Fisher’s Irises

Sep 13, 2021

Measurements of the sepals and petals for three varieties of iris were analyzed to determine whether any of these characteristics could be used to distibuish varieties. The most useful variables were The Sepal Length, Sepal Width and the Petal Width.


The Iris flower data set or Fisher’s Iris data set is a multivariate data set introduced by Ronald Fisher in his 1936 paper The use of multiple measurements in taxonomic problems as an example of linear discriminant analysis’’. It is sometimes called Anderson’s Iris data set because Edgar Anderson collected the data to quantify the variation of Iris flowers.

The data set consists of 50 samples from each of three species of Iris (Iris setosa, Iris virginica and Iris versicolor). Four features were measured from each sample: the length and the width of the sepals and petals, in centimetres.
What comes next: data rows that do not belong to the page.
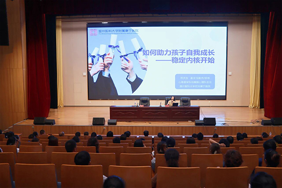 為全面推進(jìn)心理健康體系建設(shè),加強(qiáng)未成年人心理健康教育,借“世界精神衛(wèi)生日”宣傳活動契機(jī),10月11日,玉環(huán)市中等職業(yè)技術(shù)學(xué)校、玉環(huán)市綜合高中特邀浙江省健康科普專家?guī)煨睦斫】悼破諏<摇⒄憬√厣珜W(xué)科(行為醫(yī)學(xué))后備學(xué)科帶頭人、溫州醫(yī)科大學(xué)附屬康寧醫(yī)院睡眠心理科&心身醫(yī)學(xué)科主任鄭天生副主任醫(yī)師,在校大報(bào)告廳為200余位家長開展題為《如何助力孩子自我成長——從穩(wěn)定內(nèi)核開始》的家庭主題教育講座?;顒佑蓪W(xué)校德育分管校長金松主持。
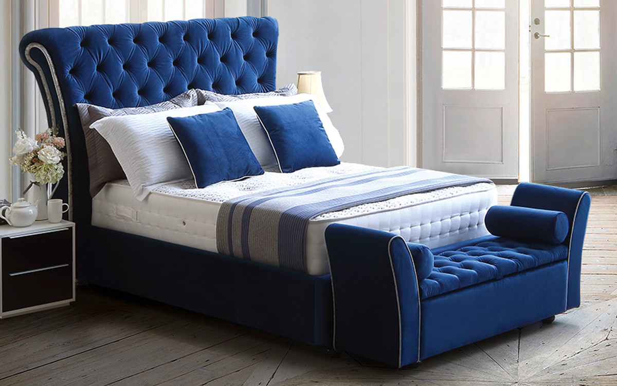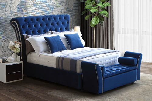 - Bed frame shown in Plush Velvet Blue (B1)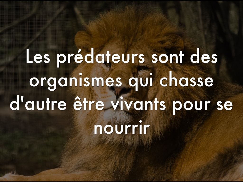 Les prédateurs sont des organismes qui chasse d'autre être vivants pour se nourrir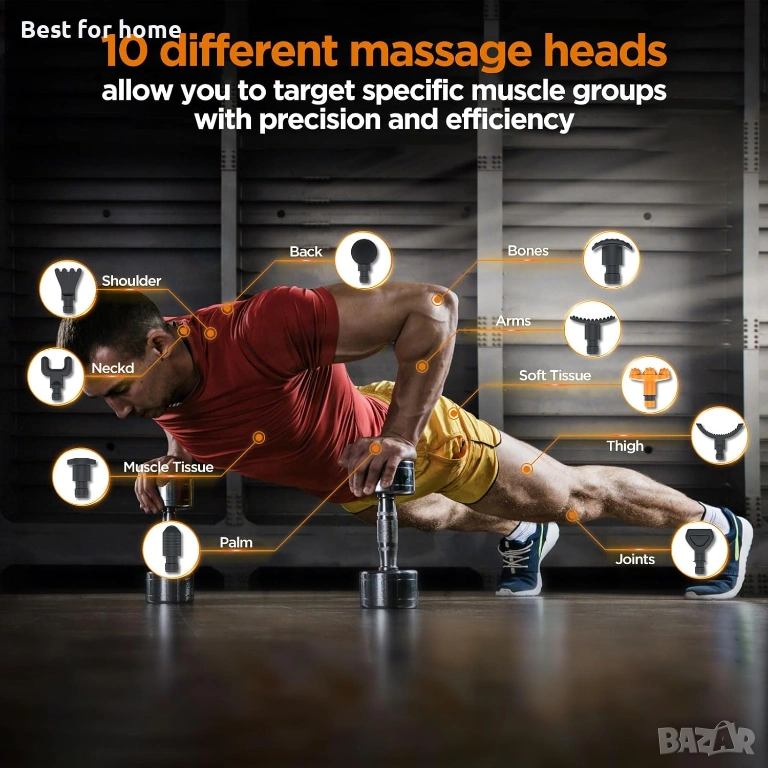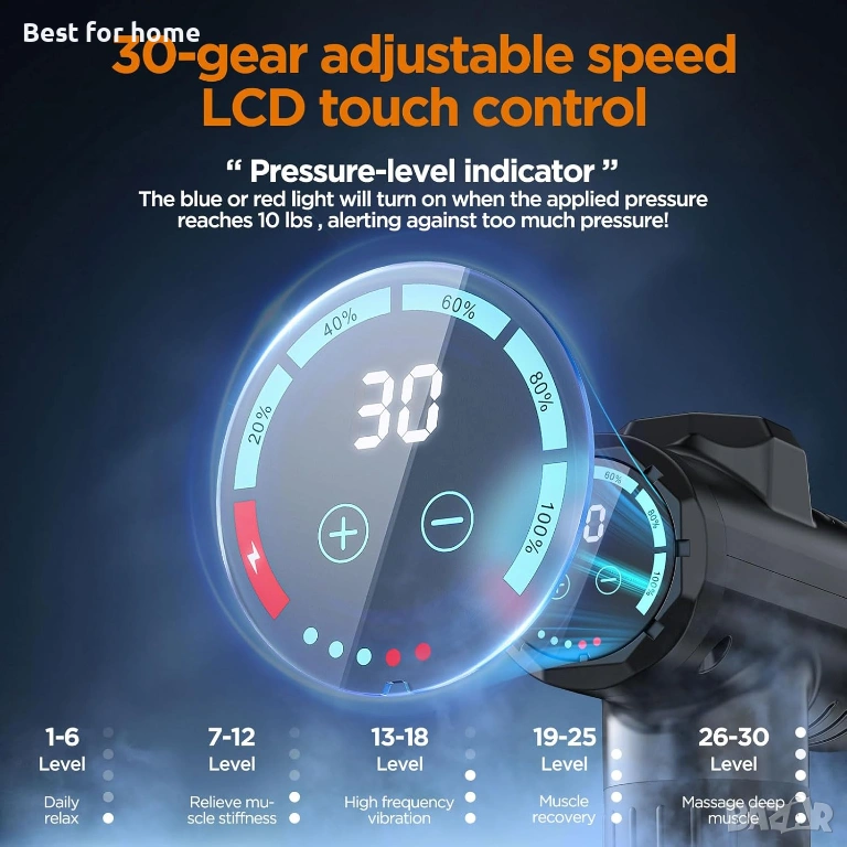 Ръчен пистолет за дълбок мускулен масаж: Предава високоскоростни импулси на налягане към мускулните тъкани, за да постигне перфектен масажен ефект, да премахне болката, сковаността и дискомфорта, да възстанови най-доброто мускулно състояние за служители, работници, спортни ентусиасти или възрастни хора, така че всички хора, страдащи от мускулен дискомфорт, да могат да се насладят на голямо мускулно облекчение. Много подходящ е за масаж на гърба, раменете, ръцете, краката и мускулите.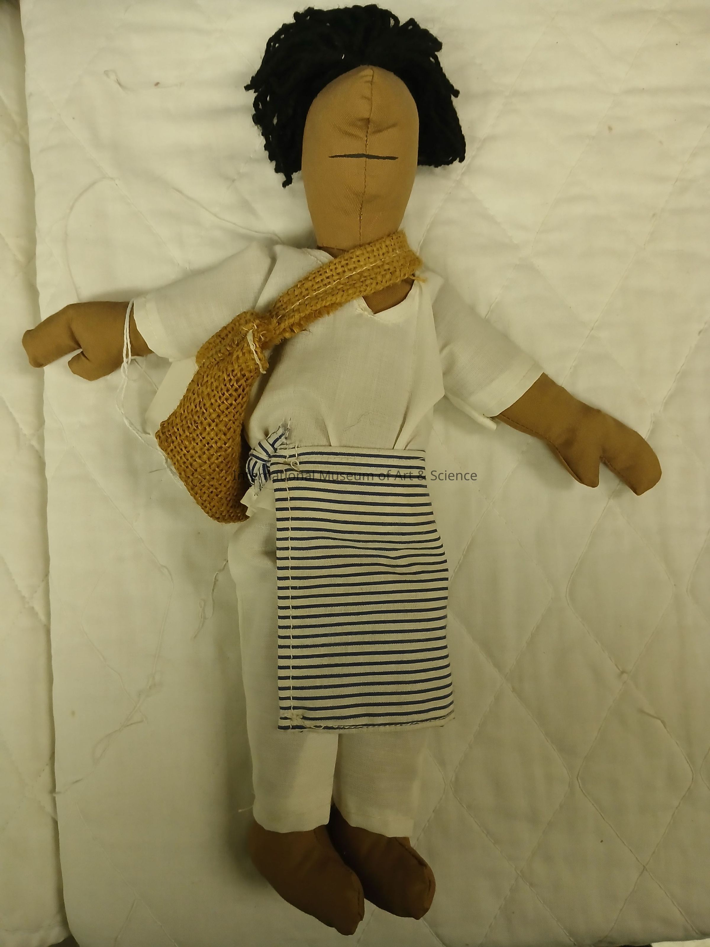 A male doll dressed in a traditional Yucatan men's huipil with dark painted eyes, a cross body bag and coiled hair.

It was found that Setosa had the highest average Sepal width as well as the smallest average Sepal length and Petal width. Virginica was found to have the largest average Sepal Length. Versicolor fell in the middle of every average distrobution.

Graphical Summaries Versicolor has an average Sepal length is in between Setosa and Virginica. Virginica has the greatest variation with more upper quartile outlyers. Setosa has the samllest Sepal lengths.